- What is expected -
Quote word for word the lines starting at the line with "Portrait of stock" and ending at the final line of the entries. Leave out any pictures.
================================
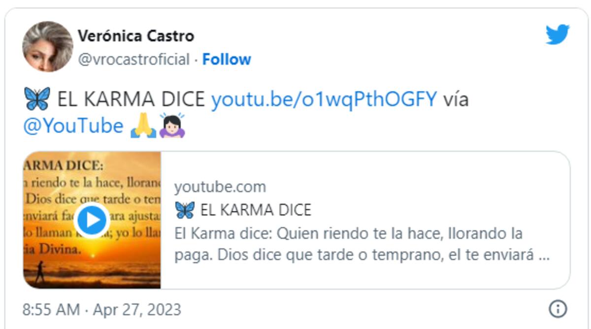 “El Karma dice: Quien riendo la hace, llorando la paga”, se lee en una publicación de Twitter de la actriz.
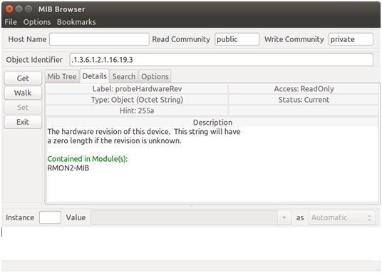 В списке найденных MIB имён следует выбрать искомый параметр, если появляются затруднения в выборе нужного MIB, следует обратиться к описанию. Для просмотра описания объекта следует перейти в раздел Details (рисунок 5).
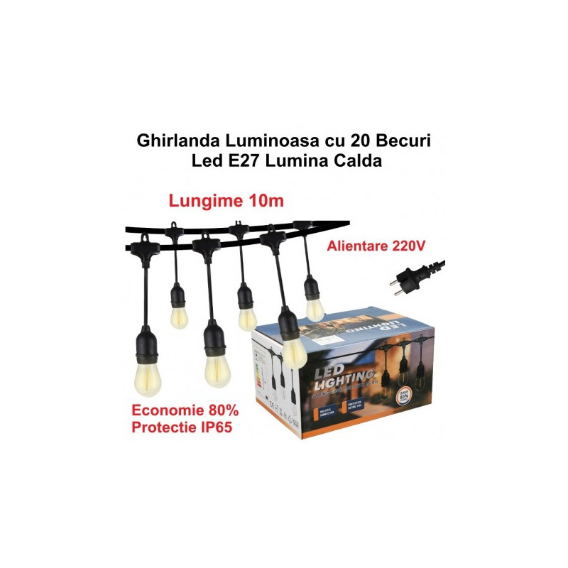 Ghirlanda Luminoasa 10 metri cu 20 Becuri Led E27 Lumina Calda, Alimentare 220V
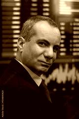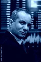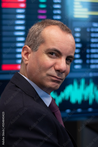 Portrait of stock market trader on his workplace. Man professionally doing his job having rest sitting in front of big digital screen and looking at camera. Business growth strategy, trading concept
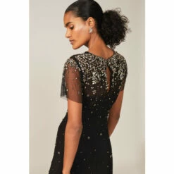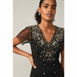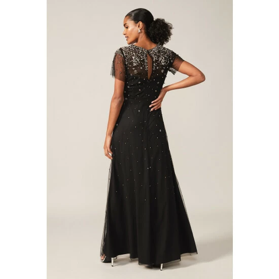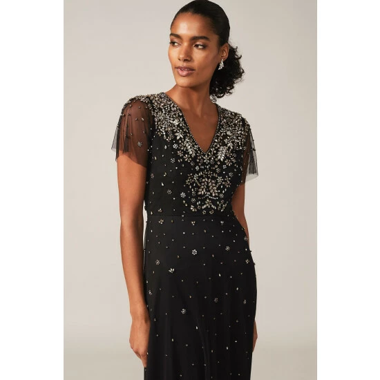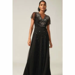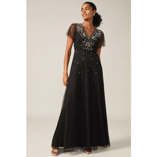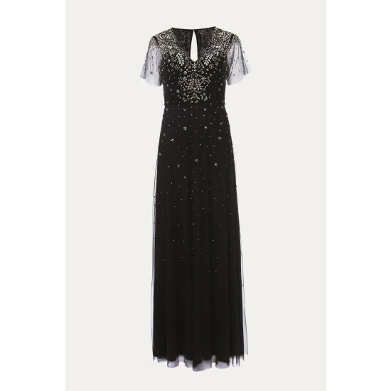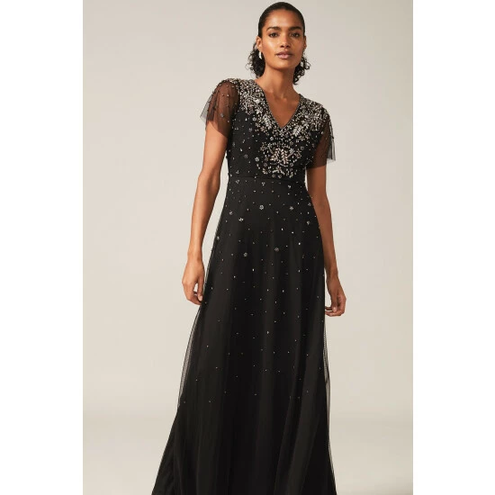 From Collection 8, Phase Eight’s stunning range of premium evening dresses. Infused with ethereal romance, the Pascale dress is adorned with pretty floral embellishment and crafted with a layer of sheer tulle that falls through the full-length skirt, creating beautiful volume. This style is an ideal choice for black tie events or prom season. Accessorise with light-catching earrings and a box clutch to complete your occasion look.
================================
- Completed task -
 Portrait of stock market trader on his workplace. Man professionally doing his job having rest sitting in front of big digital screen and looking at camera. Business growth strategy, trading concept
 From Collection 8, Phase Eight’s stunning range of premium evening dresses. Infused with ethereal romance, the Pascale dress is adorned with pretty floral embellishment and crafted with a layer of sheer tulle that falls through the full-length skirt, creating beautiful volume. This style is an ideal choice for black tie events or prom season. Accessorise with light-catching earrings and a box clutch to complete your occasion look.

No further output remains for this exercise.